Someone recently asked me about my mutual fund investments and where to invest in the current markets which are highly volatile and speculative. My suggestion is to not waste time worrying about the market's ups and downs. If you are a long-term investor (3 - 5 year horizon), then you don't have to bother about finding the best time to enter the market.
A 2% dip today won't make you a fortune in the future, but a distraction and time wastage today from your core work is surely going to impact your tomorrow.
A few general rules that I follow:
- First invest, then spend the rest. Aim to invest no less than 1/3rd of your take-home salary. If you are currently lesser than that number (1/3rd), gradually aim to reach there.
- I don't waste time timing the market. No one can predict the market and therefore, it is best to invest on a regular basis so that the highs and lows are normalized. For this, I have active SIPs in multiple mutual funds.
- I invest in high-quality blue-chip growth stocks. Currently, I already have exposure in small caps via ESOPS of Exotel. No point in increasing small caps proportion via investments also.
- I hardly do direct stock trading. I prefer to invest, that too for a long term period (at least 3 - 5 years) via Mutual Funds only. Stock Trading, according to me, is more like full-time work because it requires you to actively look at the markets on a daily basis.

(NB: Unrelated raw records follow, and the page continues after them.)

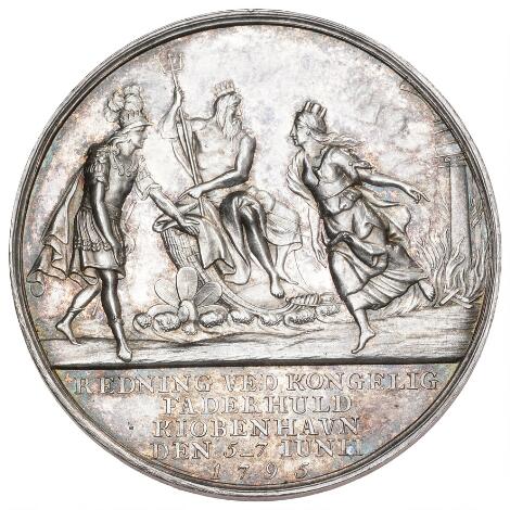 Christian VII, Kronprinsens hjælp til Københavns brandlidte, 1795, Loos, Ag, B 12, 36 mm, 13,65 g - smukt eksemplar
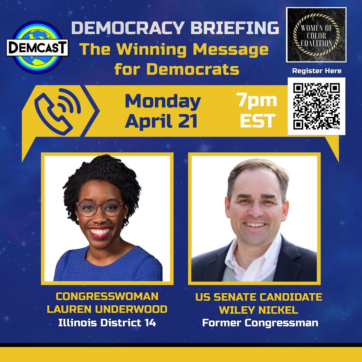 Join DemCast & our guests Rep. Lauren Underwood and Senate Candidate Wiley Nickel this Monday at 7pm ET.
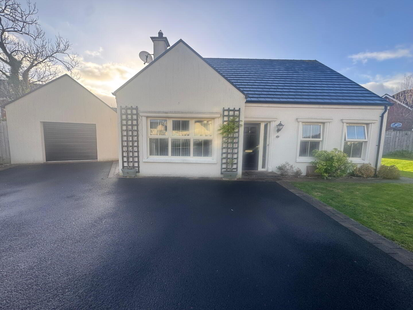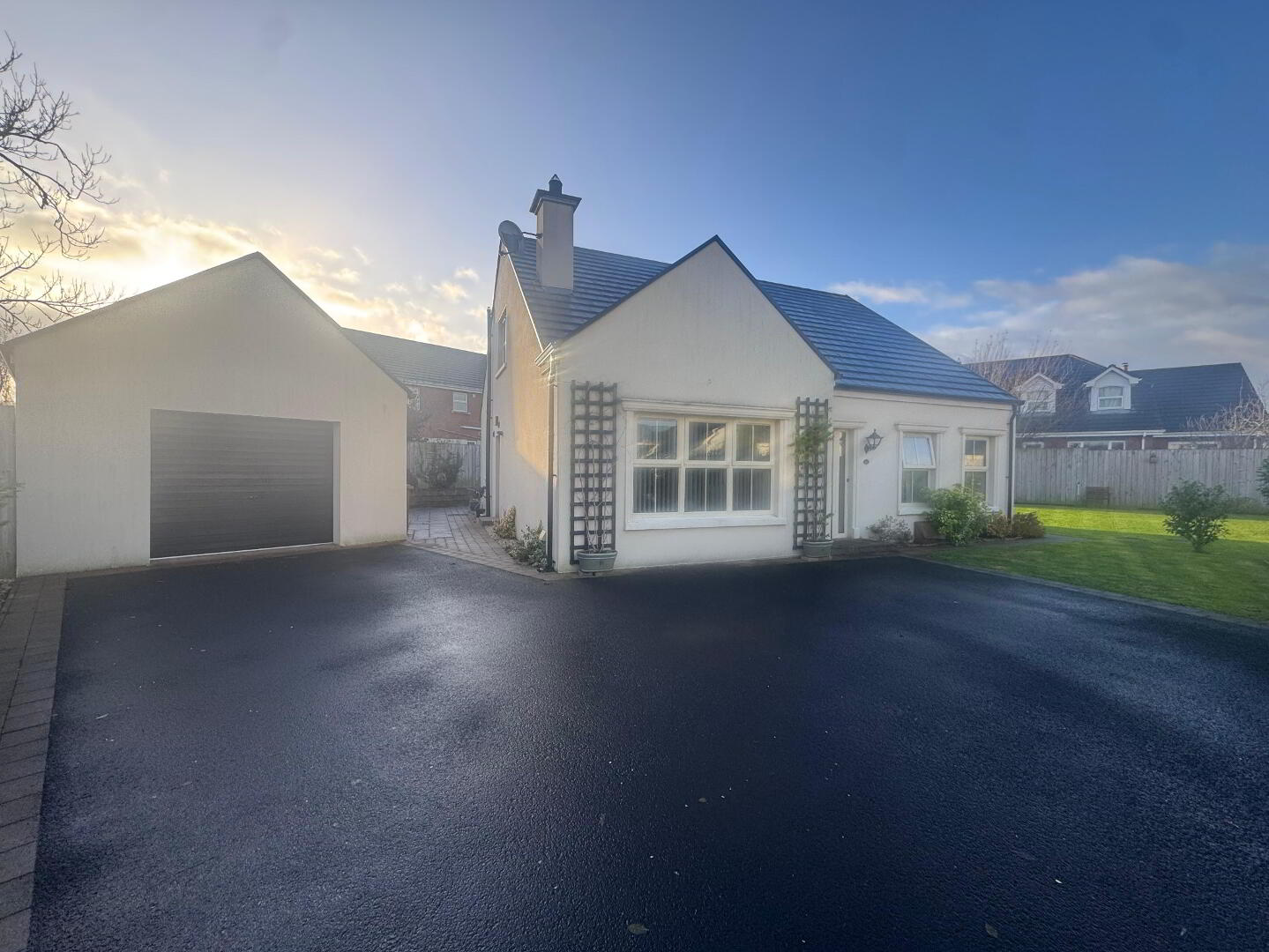 A stunning four bedroom chalet bungalow set on a large private corner site in a much sought after area of Limavady. Modern internal finish with a very high spec finish. Including a large detached garage and gas heating this will not sit long in today's very fast moving market so call now to view.
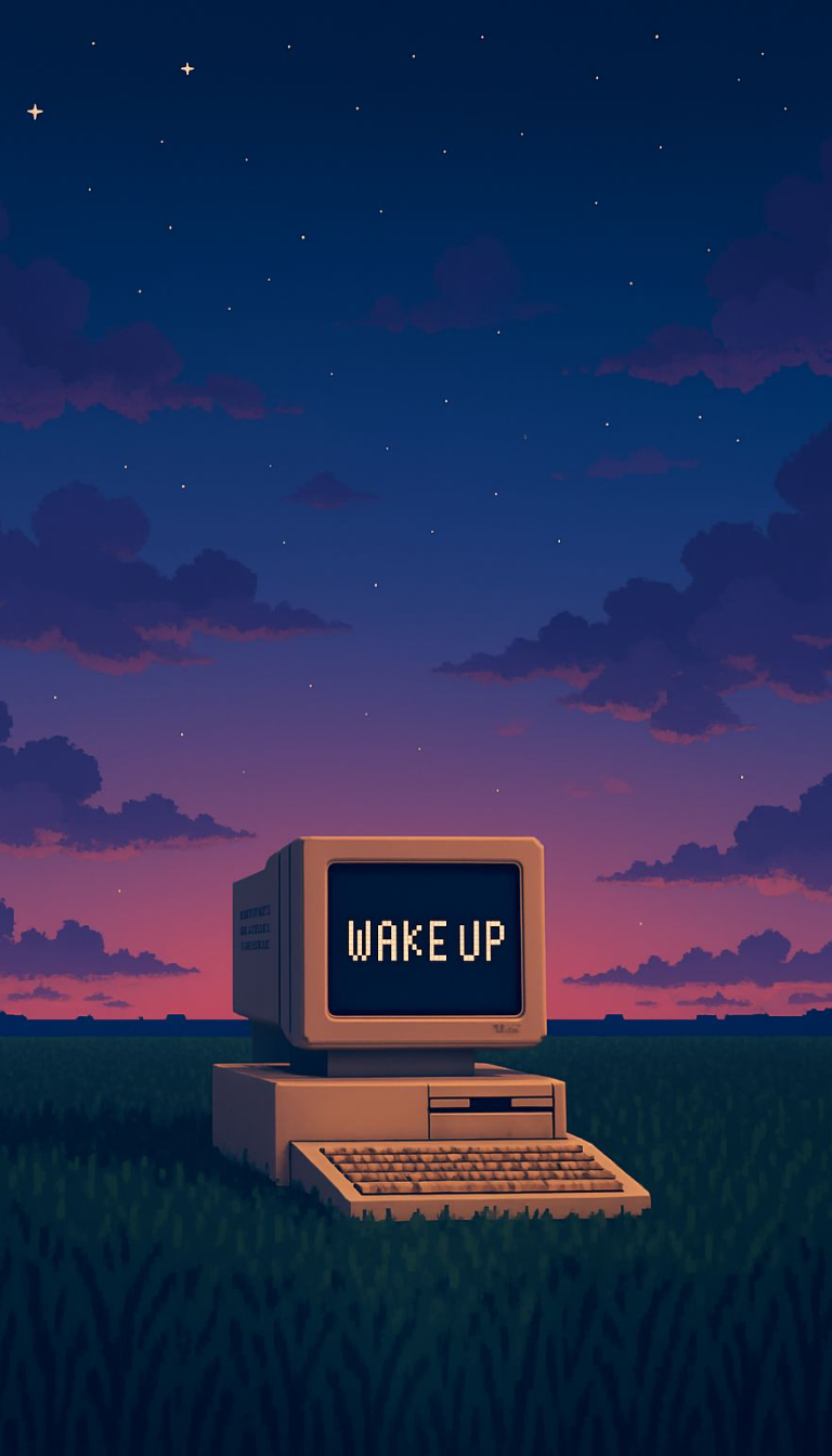 Nostalgic Pixel Art Computer and Twilight Sky Mobile Wallpaper
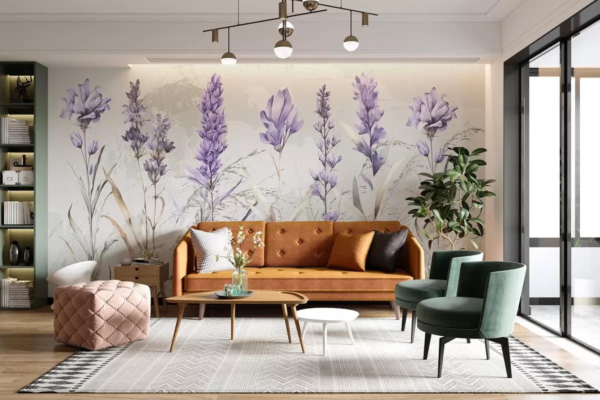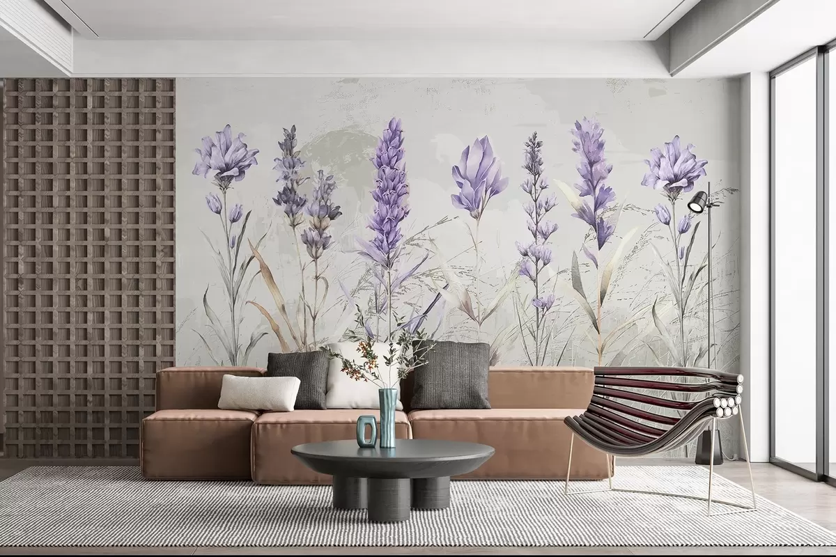 Fotomurales Un campo de flores de lavanda de acuarela púrpura con fondo beige de textura suave y borrosa Nr. w08346
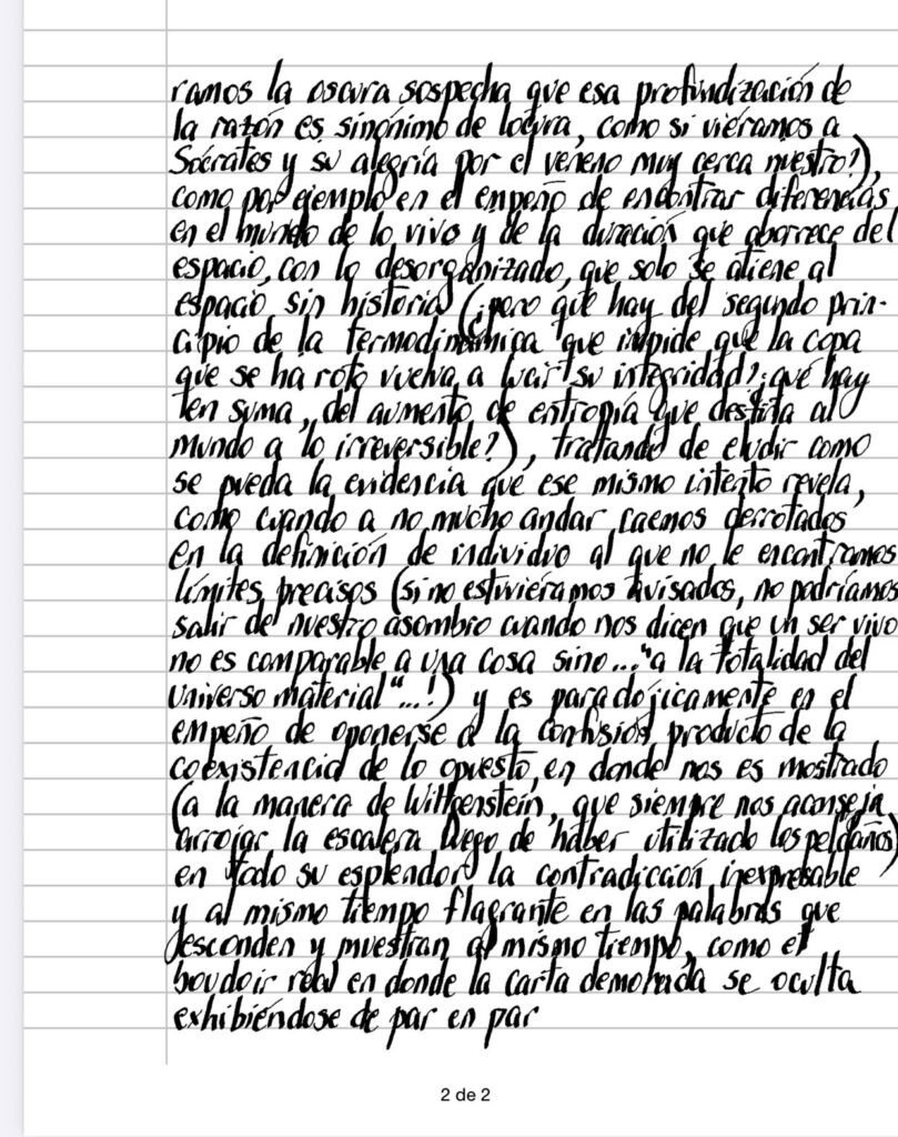 Es interesante comprobar como en el esfuerzo de probar una hipótesis, se amanece exactamente en su opuesto, como si una especie de maldición (bendi­ción) socrática inundara nuestro pensamiento cada vez que nos aventuramos a aguas abiertas (¿será por eso la tendencia casi inevitable a los sistemas cerrados y a la necesidad de anclar al pensamiento el consi­guiente vértigo que decidimos cortar cuando la reflexión se prolonga mas allá de lo aconsejable, como si tuviéramos la oscura sospecha que esa profundización de la razón es sinónimo de locura, como si viéramos a Sócrates y su alegría por el veneno muy cerca nuestro?), como por ejemplo en el empeño de encontrar diferencias en el mundo de lo vivo y de la duración que aborrece del espacio, con lo desorganizado, que solo se atiene al espacio sin historia (¿pero que hay del segundo prin­cipio de la termodinámica que impide que la copa que se ha roto vuelva a lucir su integridad?¿qué hay en suma, del aumento de entropía que destina al mundo a lo irreversible?), tratando de eludir como se pueda la evidencia que ese mismo intento revela, como cuando a no mucho andar caemos derrotados en la definición de individuo al que no le encontramos límites precisos (si no estuviéramos avisados, no podríamos salir de nuestro asombro cuando nos dicen que un ser vivo no es comparable a una cosa sino…’a la totalidad del universo material’…!) y es paradójicamente en el empeño de oponerse a la confusión producto de la coexistencia de lo opuesto, en donde nos es mostrado (a la manera de Wittgenstein, que siempre nos aconseja arrojar la escalera luego de haber utilizado los peldaños) en todo su esplendor la contradicción inexpresable y al mismo tiempo flagrante en las palabras que esconden y muestran al mismo tiempo, como el boudoir real en donde la carta demorada se oculta exhibiéndose de par en par.
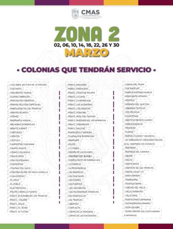 Por cuanto hace a la zona 2, le corresponderá tener el servicio durante los días 2, 6, 10, 14, 18, 22, 26, y 30 de marzo, las siguientes colonias: 2 de Abril (a la altura de La Piedad), 3 de Mayo, Adalberto Tejeda, Álvaro Obregón, Ampliación libertad, Ánimas Sección Cafetales, Arboledas de Las Trancas, Arroyo Blanco, Atenas, Barranca Honda, Belisario Domínguez, Benito Juárez, Cafetales, Cafetos, Calpulli y Campestre Porvenir.
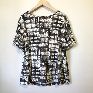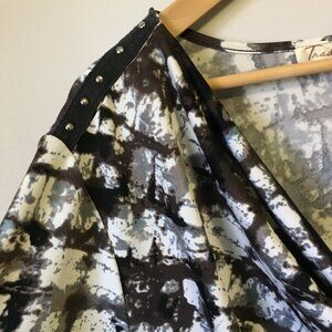 Very good preowned vintage condition, modular ink blot pattern, drape necked t-shirt by Tradition with black fabric shoulder strips and metal studs. Pattern has been created with a combination of black, grey and brown on white. Mature and sophisticated.
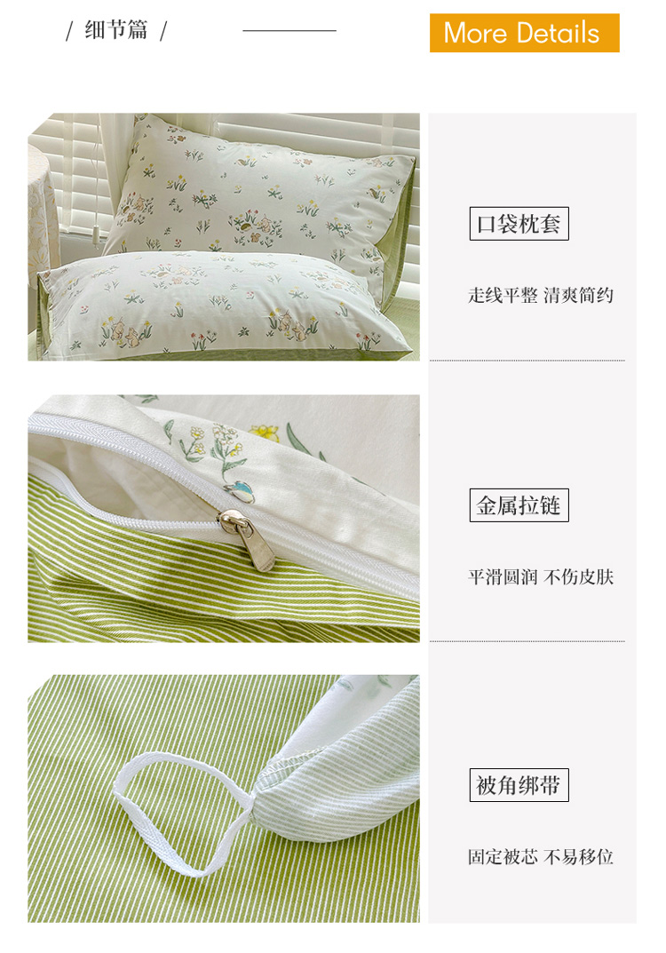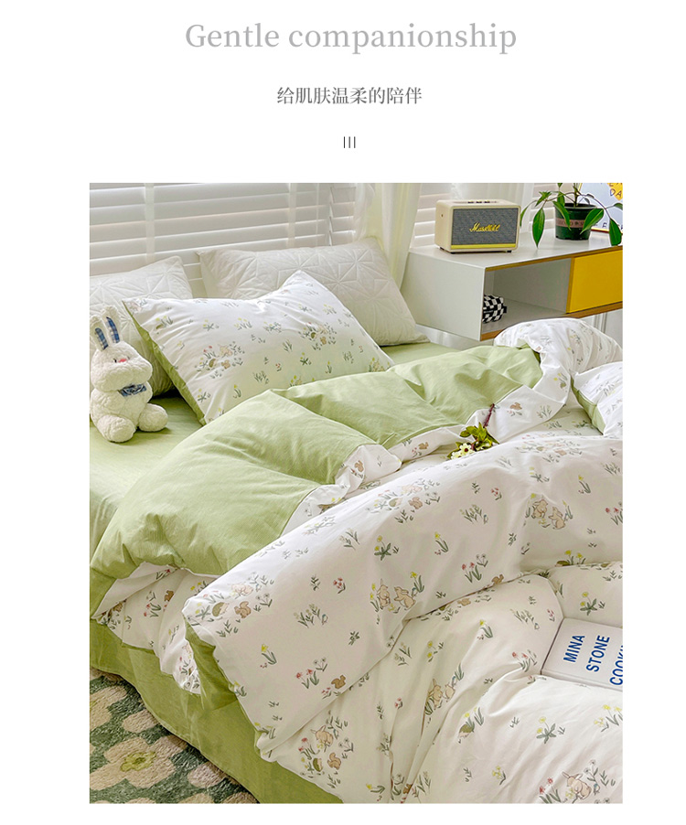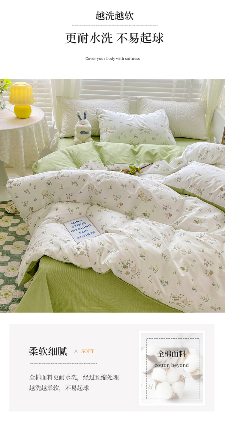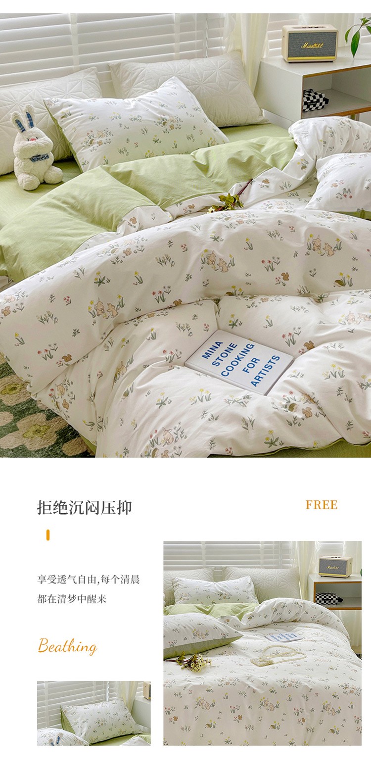 (总)捌月 2023新款13372全棉四件套竖纹印花系列,草莓园,兔小姐,小兰花,小甜心
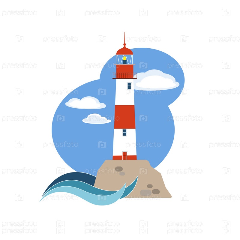 Морской маяк морской навигационный маяк. Морская башня, небо, облака и море. Векторная иллюстрация изолирована на белом
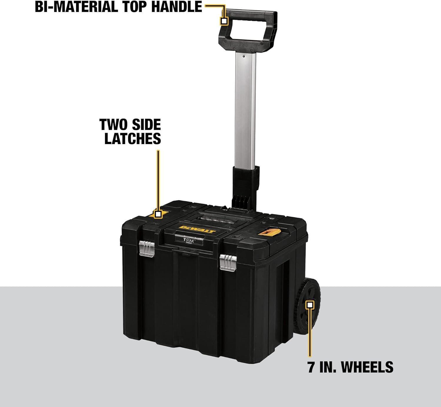 The DEWALT TSTAK Mobile Storage Deep Box on Wheels delivers rugged, portable storage for tools, gardening gear, and workshop essentials with a large volume compartment and durable 7″ wheels for easy mobility. Built with rust-resistant metal latches, a bi-material top handle, and a telescopic handle, this rolling toolbox makes transport effortless and keeps gear organized and secure. Compatible with other TSTAK stackable units, it offers customizable storage solutions that grow with your needs.

On the other hand, if you are a long-term investor, you can invest and monitor your portfolio may be on a monthly, or better, quarterly basis.
- I don't listen to any tips and advice from random people, including my Investment Manager. When my Investment Manager sends me any investment recommendations, I ask her to send underlying holdings. If my first reaction is negative, I don't think twice and I straight away reject the advice. My gut feeling has saved me many times!
- One of the best investments according to me are Index funds - funds that invest in Nifty or Sensex. They have an extremely low expense ratio and they follow the index directly. The index is a reflection of the top companies (by market cap). These companies may not have huge growth potential because they are already quite large. However, they provide steady long-term returns with low volatility - something I want from my stock portfolio.
- According to me, investing should be passive - it should not take your time. If you are spending more than a few hours per week on this, you are probably doing it wrong.
- I avoid investing in extremely volatile assets like Cryptocurrencies. I am not saying that they are bad. Just that it is something I personally avoid because I don’t believe in Crypto as of now. This belief might change in the future.
- I tend to keep the next 12 months' expenses as liquid investments - fixed deposits and savings accounts (some banks provide a 5% savings account interest rate). Many experts say that if one’s age is X years, then they must keep X% of their portfolio in debt/liquid instruments. I don’t really believe in such generalized thumb rules though.
- Sometimes, I do take random high-risk small-ticket exposures. For instance, my Investment Manager had last year told me of a random unknown stock in which I invested a small amount. After 1 year, it doubled in price. As per my Investment Manager, it is a great quality stock and she had done her analysis on it. Anyway, I didn’t bother spending too much time studying it because I only invested a small amount.
Overall, my investment philosophy is to invest in such a manner that I don’t have to spend time worrying about them on a regular basis.
My belief is that my full-time occupation is going to create wealth for me. Investments will only help grow it.
PS: I haven’t shared any names of any mutual funds, or banks, only because I don’t want to provide any financial advice here. I am merely sharing how I invest my own money. Others may have a totally different opinion. I am open to feedback.